Next-generation sequencing for inborn errors of immunity

Inborn errors of immunity (IEIs) include several hundred gene defects affecting various components of the immune system. As with other constitutional disorders, next-generation sequencing (NGS) is a powerful tool for the diagnosis of these diseases. While NGS can provide molecular confirmation of disease in a patient with a suspected or classic phenotype, it can also identify new molecular defects of the immune system, expand gene-disease phenotypes, clarify mechanism of disease, pattern of inheritance or identify new gene-disease associations. Multiple clinical specialties are involved in the diagnosis and management of patients with IEI, and most have no formal genetic training or expertise.
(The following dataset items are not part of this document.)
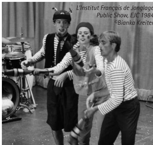
L'Institut Français de Jonglage Public Show, EJC 1984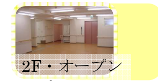
2F・オープン スペース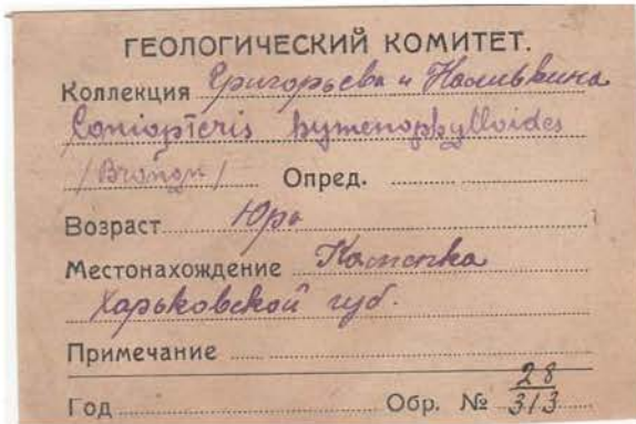
Рис. 1. Этикетки Геолкома в коллекции Н.В. Григорьева

Геологическая наука потеряла двух молодых талантливых ученых: В.А. Наливкина и Н.В. Григорьева. После смерти Н.В. Григорьева изучение ископаемой юрской флоры Европейской России временно приостановилось (Шмальгаузен, 1988).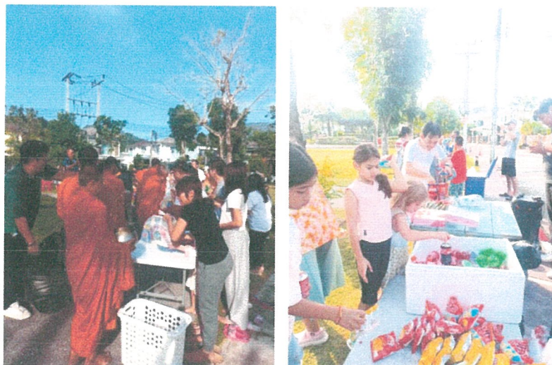
รูปภาพที่ 2.29 กิจกรรมภายในโครงการ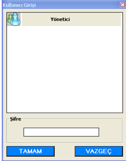
Şekil - 1 : Kullanıcı Girişi

Programa Giriş Ara Yüzünde Kullanıcı Adı Ve Şifresi İstenmektedir.( Şekil - 1 ) Her Kullanıcıya Farklı Yetkiler Verilebilir Ve Bu Yetkilerle Programda Dolaşılması Sağlanır. ( Şekil - 2 )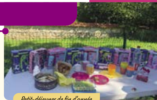
Petit-déjeuner de fin d'année

Nous vous donnons rendez-vous au forum des associations pour de nouvelles inscriptions. Prenez soin de vous.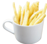
Kids クリスピーポテト 219yen(240yen)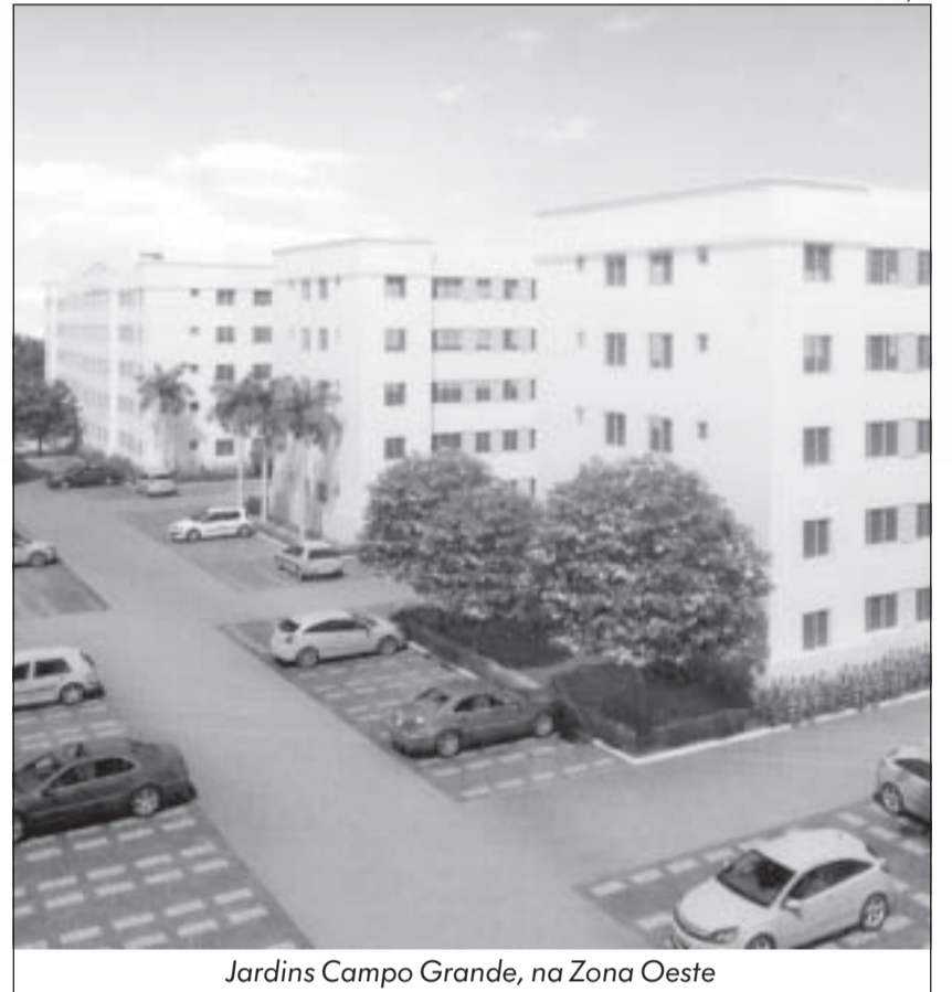
Jardins Campo Grande, na Zona Oeste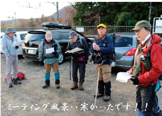
ミーティング風景・寒かったです！！

To effectively utilize NGS tools and data in clinical practice, it is relevant and pragmatic to obtain a modicum of knowledge about genetic terminology, the variety of platforms and tools available for high-throughput genomic analysis, the interpretation and implementation of such data in clinical practice. There is considerable variability not only in the technologies and analytical tools used for NGS but in the bioinformatics approach to variant identification and interpretation. The ability to provide a molecular basis for disease has the potential to alter therapeutic management and longer-term treatment of the disease, including developing personalized approaches with molecularly targeted therapies. This review is intended for the clinical specialist or diagnostic immunologist who works in the area of inborn errors of immunity, and provides an overview of the need for genetic testing in these patients (the “why” aspect), the various technologies and analytical approaches, bioinformatics tools, resources, and challenges (the “how” aspect), and the clinical evidence for identifying which patients might be best served by such testing (the “when” aspect).